Attribution refers to a legal principle, primarily found in tax law, where the ownership of shares in a company (stock) by one person or entity is treated as if it is also owned by a closely related person or entity. This concept is used by tax authorities, such as the Internal Revenue Service (IRS), to prevent individuals or groups from avoiding certain tax rules or limitations by distributing ownership among family members or affiliated businesses. Essentially, for specific tax calculations, the law "attributes" or assigns ownership from one party to another due to their close relationship, even if direct legal ownership doesn't exist.

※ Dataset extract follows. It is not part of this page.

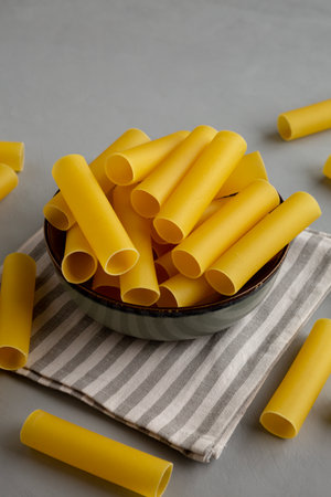 Raw Italian Cannelloni Pasta in a Bowl, side view.

Here are a few examples to illustrate how attribution works:

  • Example 1: Family Business Stock Redemption

    Imagine a father who owns 60% of a family-run corporation, and his daughter owns 10% of the same company. If the corporation decides to buy back (redeem) all of the father's shares, the tax treatment of this transaction depends on whether the father has completely terminated his interest in the company. For tax purposes, the IRS's attribution rules would treat the daughter's 10% ownership as if it were also owned by the father due to their family relationship. Therefore, even after selling his 60%, the father might still be considered to own 10% of the company through his daughter, which could prevent the redemption from being treated as a favorable capital gain transaction and instead classify it as a less favorable dividend distribution.

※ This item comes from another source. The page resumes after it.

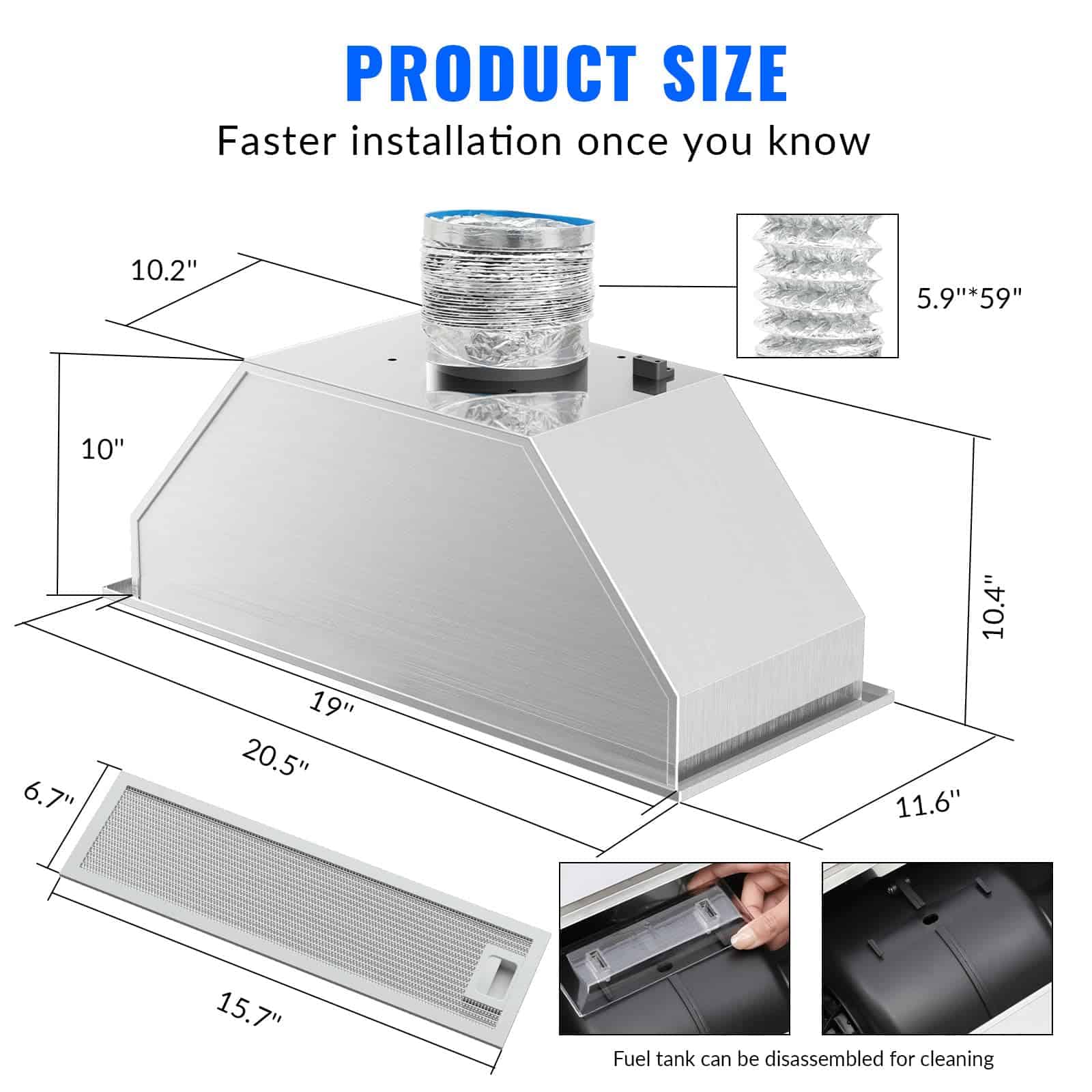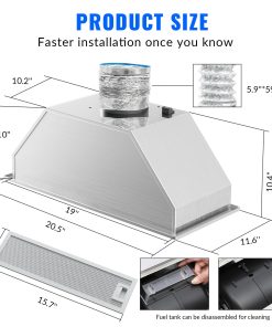 1. Tamaño del Producto – Eleva el aspecto de tu cocina con nuestra elegante campana extractora. Con dimensiones de 20.5 pulgadas (W) x 11.6 pulgadas (D) x 10.4 pulgadas (H) y especificaciones eléctricas de 120V/60Hz con un enchufe de 3 clavijas, esta campana extractora agrega un toque de lujo a cualquier remodelación de cocina.

  • Example 2: Small Business Tax Deductions

    Consider a husband and wife who each own separate, distinct small businesses. Each business might qualify for certain tax deductions or credits, often subject to income limitations. If the tax law includes attribution rules for spouses, the IRS might combine their ownership and income for the purpose of calculating these limits. For instance, if a deduction is capped at a certain income level per "owner," the attribution rules would treat the husband and wife as a single owner, potentially causing their combined income to exceed the cap and reduce or eliminate the deduction for one or both businesses. This prevents splitting businesses between spouses solely to maximize tax benefits intended for truly independent enterprises.

  • Example 3: Controlled Group Rules for Employee Benefits

    Suppose a parent company owns 85% of Company A and 75% of Company B. For the purpose of certain employee benefit plans, such as retirement plans, the IRS has strict rules to ensure that plans do not unfairly favor highly compensated employees. These rules often apply to "controlled groups" of companies. Through attribution rules, the ownership of Company A and Company B by the common parent company means that Company A and Company B are considered a single "controlled group" for tax purposes. Consequently, their employee benefit plans must meet non-discrimination requirements on a combined basis, treating all employees of both companies as if they work for one large employer. This prevents companies from creating separate entities to circumvent benefit plan regulations.

Simple Definition

Attribution, in a legal and tax context, refers to the process where a person's or entity's stock ownership is legally assigned to a related family member or entity. This assignment is done for specific tax purposes, as outlined by the Internal Revenue Code.